## WORK TO COMPLETE:
Please reproduce all the data exactly as written and omit the pictures.

## Data records:
⁂

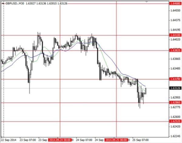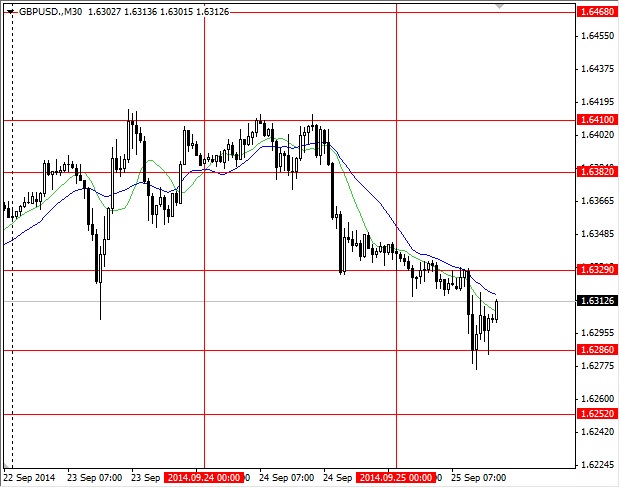 Как отмечалось в прошлом обзоре, пара GBP/USD вчера в первой половине дня торговалась в узком диапазоне, ограниченном уровнем сопротивления 1.6410, поддержки – 1.6382. Пробой поддержки произошел на ожиданиях положительных данных по рынку жилья США. А после публикации официальных данных фунт подобно евро продолжил свое снижение. Поддержкой паре GBP/USD послужил уровень 1.6328, в течении американской сессии и азиатской сессии 25 сентября пара продолжала колебаться около уровня 1.6328, а с началом европейской сессии фунт продолжил снижение. Сегодня поддержкой для пары GBP/USD служит уровень 1.6286, сопротивление – 1.6329.
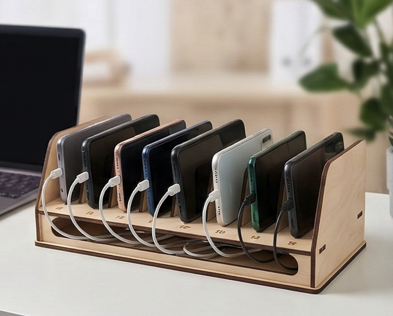 Стенд для телефонов на 10 мест — для офиса, школы, коворкинга или мероприятий.
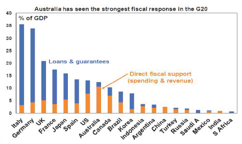 - Australia has seen the strongest fiscal response in the G20. Loans and guarantees are helpful but they leave businesses more indebted, whereas actual fiscal stimulus provides a direct boost. So actual fiscal support is a better measure and on this front Australia at 10.6% of GDP has provided by far the strongest fiscal stimulus of G20 countries.
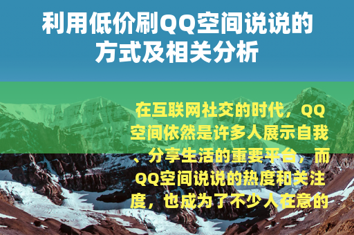 在互联网社交的时代,QQ空间依然是许多人展示自我、分享生活的重要平台,而QQ空间说说的热度和关注度,也成为了不少人在意的事情,低价刷QQ空间说说的现象逐渐兴起,吸引了众多用户的目光。
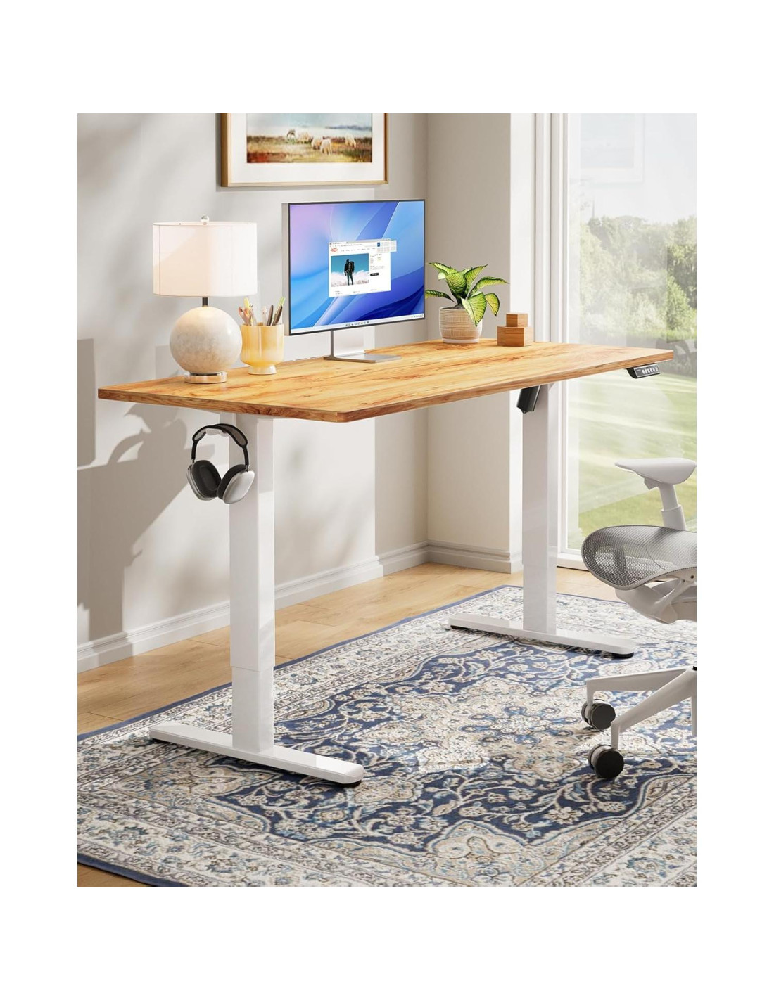 - Componentes incluidos: Escritorio de Una Pieza (escritorio no dividido), Marco de Escritorio Eléctrico Potente de 79.83 kg, 2 Ganchos para Auriculares, Panel de Control Multifuncional LED
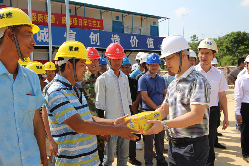 綠港集團(tuán)黨委書(shū)記、董事長(zhǎng)、總經(jīng)理龔國(guó)強(qiáng)給項(xiàng)目一線(xiàn)人員送清涼
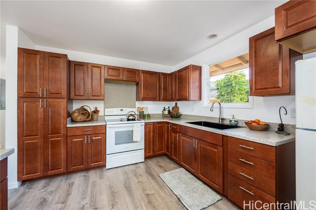2007 Rebuilt home in Wahiawa and finishings in 2025! Like new! No Association or Maintenance Fees! Beautiful 3-bedroom, 2 bath, 2 car enclosed garage with large driveway for at least 6 parking. Fenced large property! Still room on property to customize your home. New appliances to include water heater, stove/oven, refrigerator and disposal. All new windows, paint and flooring. Near to restaurants, shopping, entertainment and public transportation. Ready for new owner! Public Open House Saturday November 22 and Sunday November 23 2-5pm.
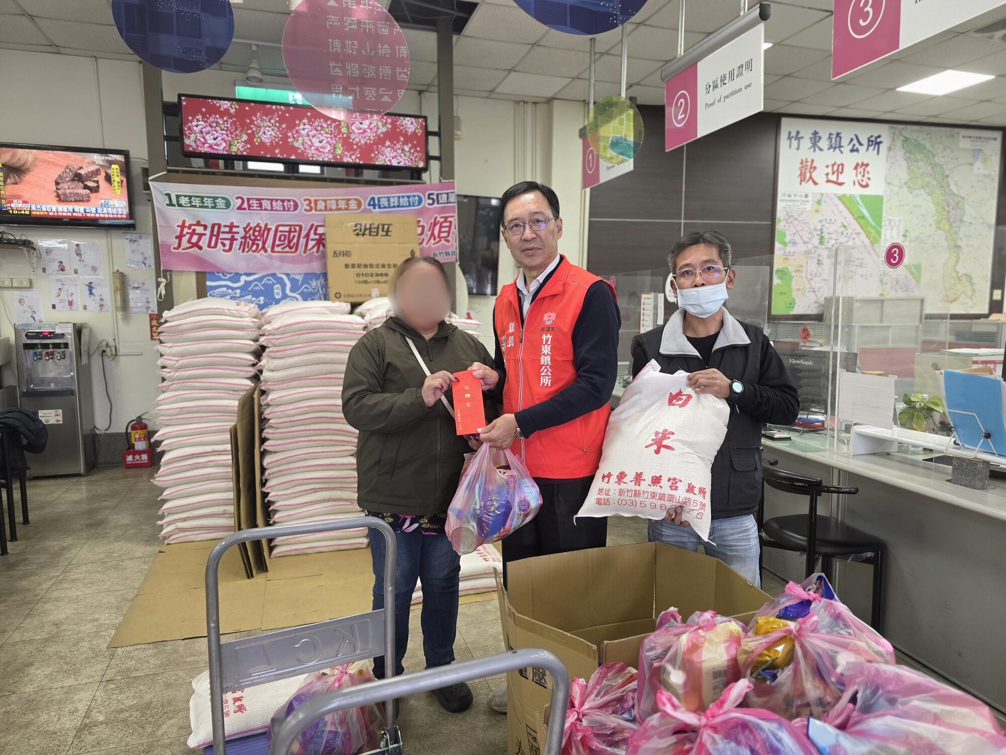 ▲新竹縣竹東鎮公所昨(27)日開始發放115年度低收入戶春節慰問金暨物資給低收入戶,鎮長郭遠彰(中)也在場協助發放。(圖/竹東鎮公所提供)
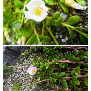 白いポーチュラカの咲く株の写真です。 横向きに円形に広がって,周辺で花が咲きます。茎はピンク色,葉っぱは結構肉厚で,今回初めて見た(認識した)のですが,しっかり記憶にのこりました。
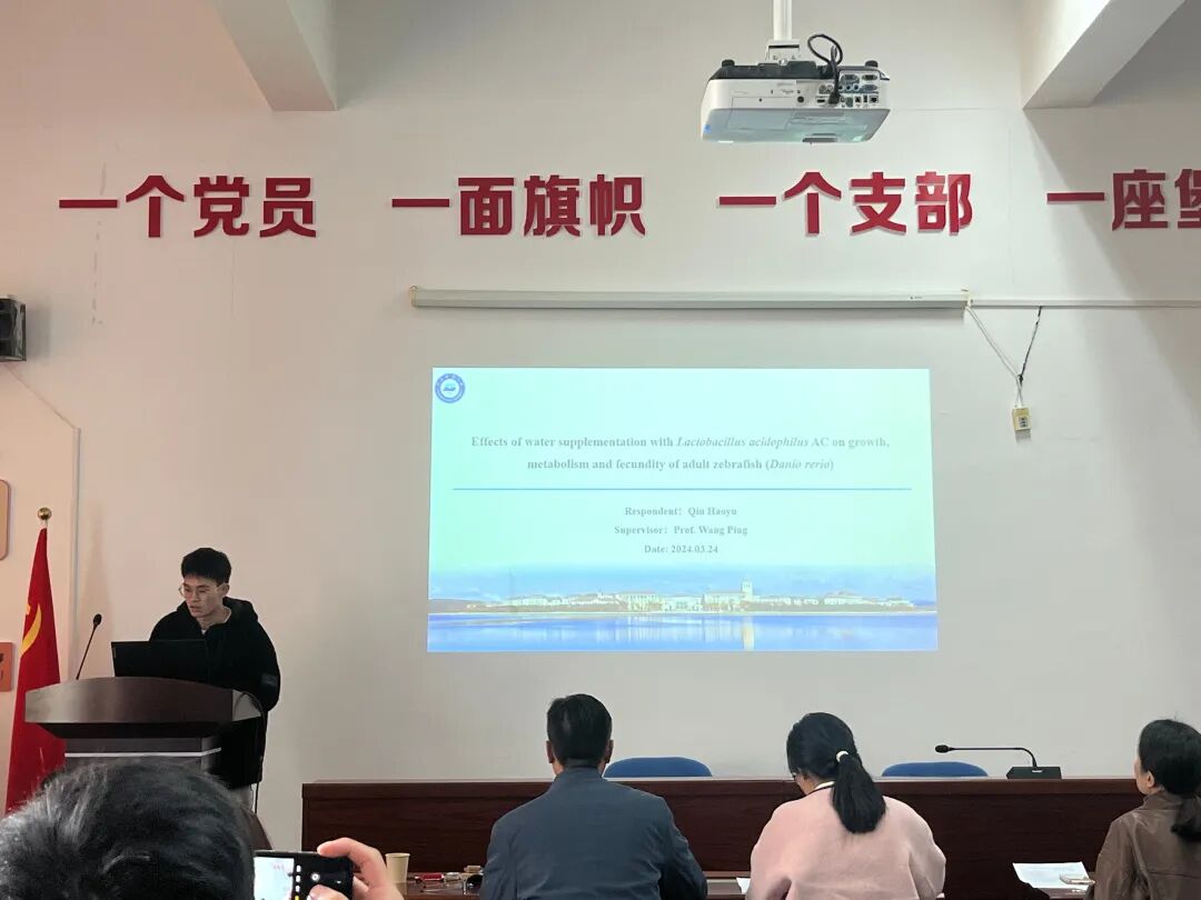 邱浩宇的研究课题集中在鱼源性益生菌的益生效应上,旨在揭示鱼源性益生菌如何通过调节斑马鱼的肠道微生物群和代谢物,进而影响其生长、免疫和整体健康。面对挑战,邱浩宇从未抱怨,而是不断的尝试和努力。他认真对待每一个实验数据,仔细分析每一个研究结果,克服一个又一个难题,力求做到准确无误。在学术研究的道路上,邱浩宇始终秉持严谨的治学态度,保持勤奋的钻研精神。他深知,每一个学术成果都离不开扎实的基础和深入的研究。他是实验室深夜的常客,实验室灯光下经常见到邱浩宇查阅资料、分析实验数据的身影。“我想把更多的精力投入科研,全力以赴地做好我喜欢的事。”提及专业,邱浩宇眼中有光。为了更好地进行科研工作,邱浩宇积极参与各种学术交流活动。他不仅参加了学校组织的学术讲座和研讨会,还主动参加了国内外知名的学术会议。

⁂

## ANSWER BOX:
 Как отмечалось в прошлом обзоре, пара GBP/USD вчера в первой половине дня торговалась в узком диапазоне, ограниченном уровнем сопротивления 1.6410, поддержки – 1.6382. Пробой поддержки произошел на ожиданиях положительных данных по рынку жилья США. А после публикации официальных данных фунт подобно евро продолжил свое снижение. Поддержкой паре GBP/USD послужил уровень 1.6328, в течении американской сессии и азиатской сессии 25 сентября пара продолжала колебаться около уровня 1.6328, а с началом европейской сессии фунт продолжил снижение. Сегодня поддержкой для пары GBP/USD служит уровень 1.6286, сопротивление – 1.6329.
 Стенд для телефонов на 10 мест — для офиса, школы, коворкинга или мероприятий.
 - Australia has seen the strongest fiscal response in the G20. Loans and guarantees are helpful but they leave businesses more indebted, whereas actual fiscal stimulus provides a direct boost. So actual fiscal support is a better measure and on this front Australia at 10.6% of GDP has provided by far the strongest fiscal stimulus of G20 countries.
 在互联网社交的时代,QQ空间依然是许多人展示自我、分享生活的重要平台,而QQ空间说说的热度和关注度,也成为了不少人在意的事情,低价刷QQ空间说说的现象逐渐兴起,吸引了众多用户的目光。
 - Componentes incluidos: Escritorio de Una Pieza (escritorio no dividido), Marco de Escritorio Eléctrico Potente de 79.83 kg, 2 Ganchos para Auriculares, Panel de Control Multifuncional LED
 綠港集團(tuán)黨委書(shū)記、董事長(zhǎng)、總經(jīng)理龔國(guó)強(qiáng)給項(xiàng)目一線(xiàn)人員送清涼
2007 Rebuilt home in Wahiawa and finishings in 2025! Like new! No Association or Maintenance Fees! Beautiful 3-bedroom, 2 bath, 2 car enclosed garage with large driveway for at least 6 parking. Fenced large property! Still room on property to customize your home. New appliances to include water heater, stove/oven, refrigerator and disposal. All new windows, paint and flooring. Near to restaurants, shopping, entertainment and public transportation. Ready for new owner! Public Open House Saturday November 22 and Sunday November 23 2-5pm.
 ▲新竹縣竹東鎮公所昨(27)日開始發放115年度低收入戶春節慰問金暨物資給低收入戶,鎮長郭遠彰(中)也在場協助發放。(圖/竹東鎮公所提供)
 白いポーチュラカの咲く株の写真です。 横向きに円形に広がって,周辺で花が咲きます。茎はピンク色,葉っぱは結構肉厚で,今回初めて見た(認識した)のですが,しっかり記憶にのこりました。
 邱浩宇的研究课题集中在鱼源性益生菌的益生效应上,旨在揭示鱼源性益生菌如何通过调节斑马鱼的肠道微生物群和代谢物,进而影响其生长、免疫和整体健康。面对挑战,邱浩宇从未抱怨,而是不断的尝试和努力。他认真对待每一个实验数据,仔细分析每一个研究结果,克服一个又一个难题,力求做到准确无误。在学术研究的道路上,邱浩宇始终秉持严谨的治学态度,保持勤奋的钻研精神。他深知,每一个学术成果都离不开扎实的基础和深入的研究。他是实验室深夜的常客,实验室灯光下经常见到邱浩宇查阅资料、分析实验数据的身影。“我想把更多的精力投入科研,全力以赴地做好我喜欢的事。”提及专业,邱浩宇眼中有光。为了更好地进行科研工作,邱浩宇积极参与各种学术交流活动。他不仅参加了学校组织的学术讲座和研讨会,还主动参加了国内外知名的学术会议。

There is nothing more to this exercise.